WORK INSTRUCTION » Skip the pictures. Return exactly the lines from the one containing "Thermohypothermia device. (a)" through the end of the entries below.

(Data records)
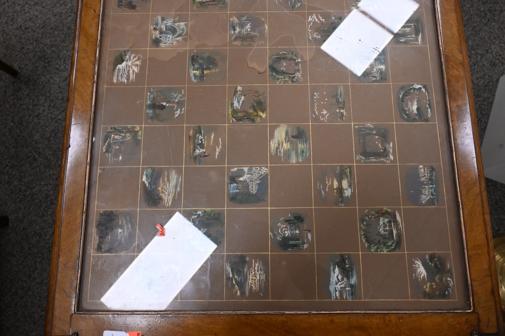 George IV Mahogany Table, having hand painted scenes under glass and one drawer with gilt highlights, height 29 inches, top 21″ x 28″.
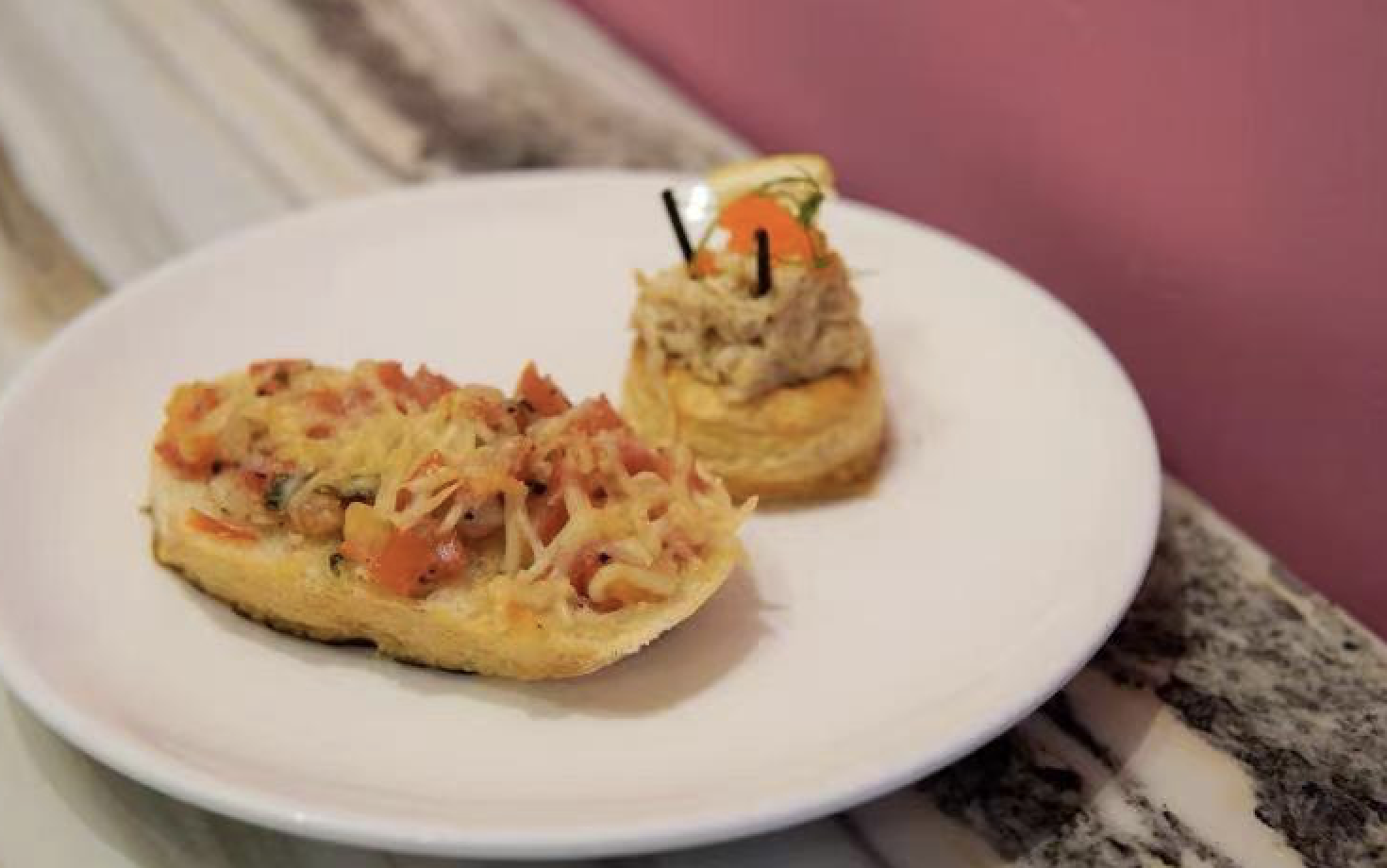 意式番茄多士(前)及蟹肉蟹籽酥皮盒(後)。
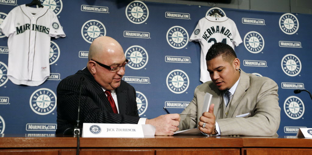 Seattle Mariners’ Felix Hernandez, right, signs an agreement in his new contract with general manager Jack Zduriencik to start a news conference today in Seattle. Hernandez signed a seven-year contract with the Mariners that makes him the highest-paid pitcher in baseball. The new deal will be worth $175 million. Seattle Times story here. (AP Photo/Elaine Thompson)
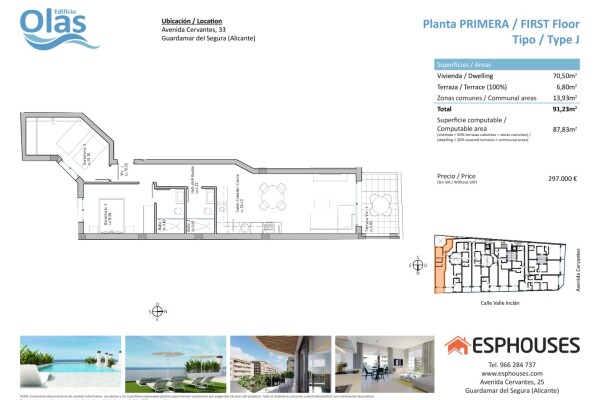 Įsikūręs viename iš paklausiausių Guardamar del Segura rajonų, prestižinėje Avenida de Cervantes gatvėje, "Edificio Olas" bus puikus pasirinkimas dėl to, kad yra netoli paplūdimio ir jame teikiamos įvairios paslaugos. Šio nuostabaus pastato terasoje bus įrengtas baseinas ir soliariumas, suteikiantis gyventojams poilsio ir pramogų oazę.
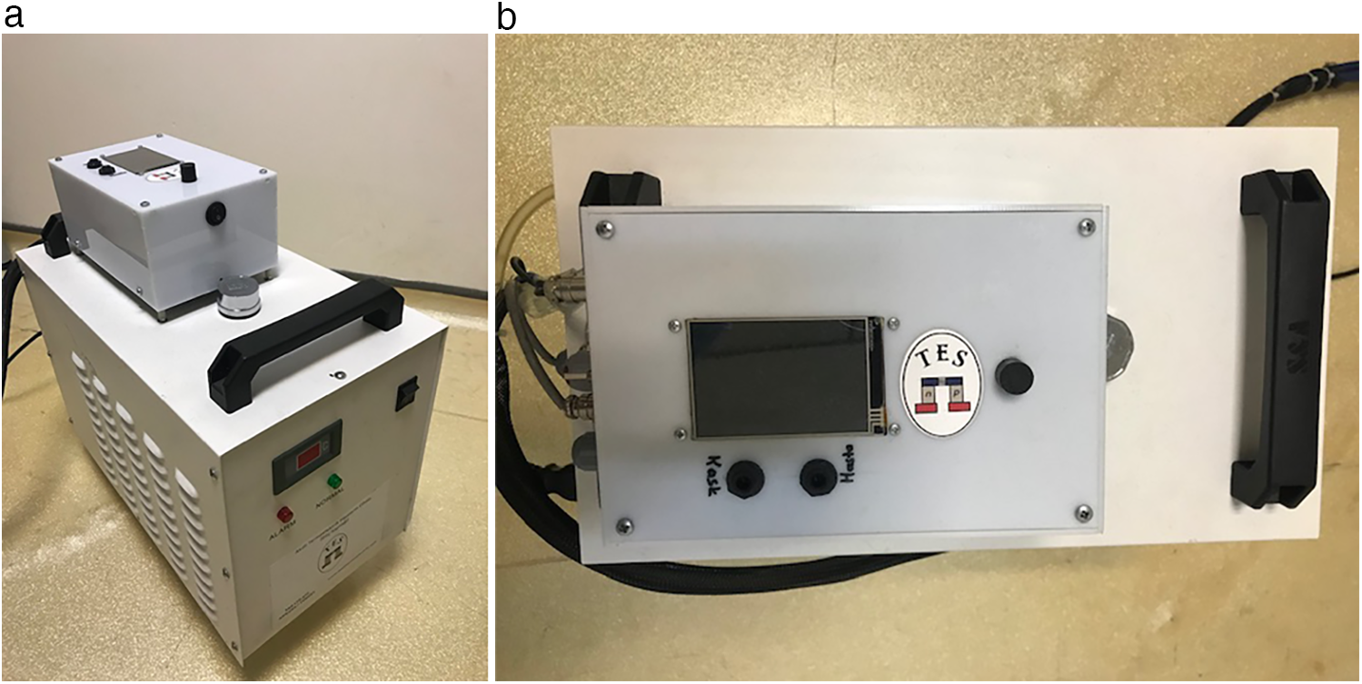 Thermohypothermia device. (a) Front view of the thermohypothermia device. (b) Top view of the thermohypothermia device.
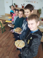 РЕКОРД "Найдовша колона учнів з млинцями" - 55 учнів.
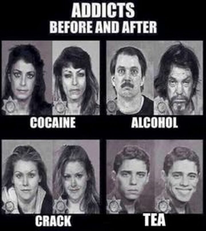 “Addicts before and after: Cocaine. Alcohol. Crack. Tea.”
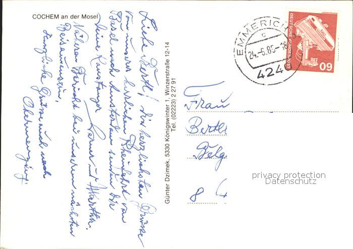 72177809 alte Postkarte Cochem Mosel Mosel mit Schiff postalisch gelaufen Erhaltung siehe scans KatCode: 11110007135020

SOLUTION TO THIS TASK »
 Thermohypothermia device. (a) Front view of the thermohypothermia device. (b) Top view of the thermohypothermia device.
 РЕКОРД "Найдовша колона учнів з млинцями" - 55 учнів.
 “Addicts before and after: Cocaine. Alcohol. Crack. Tea.”
 72177809 alte Postkarte Cochem Mosel Mosel mit Schiff postalisch gelaufen Erhaltung siehe scans KatCode: 11110007135020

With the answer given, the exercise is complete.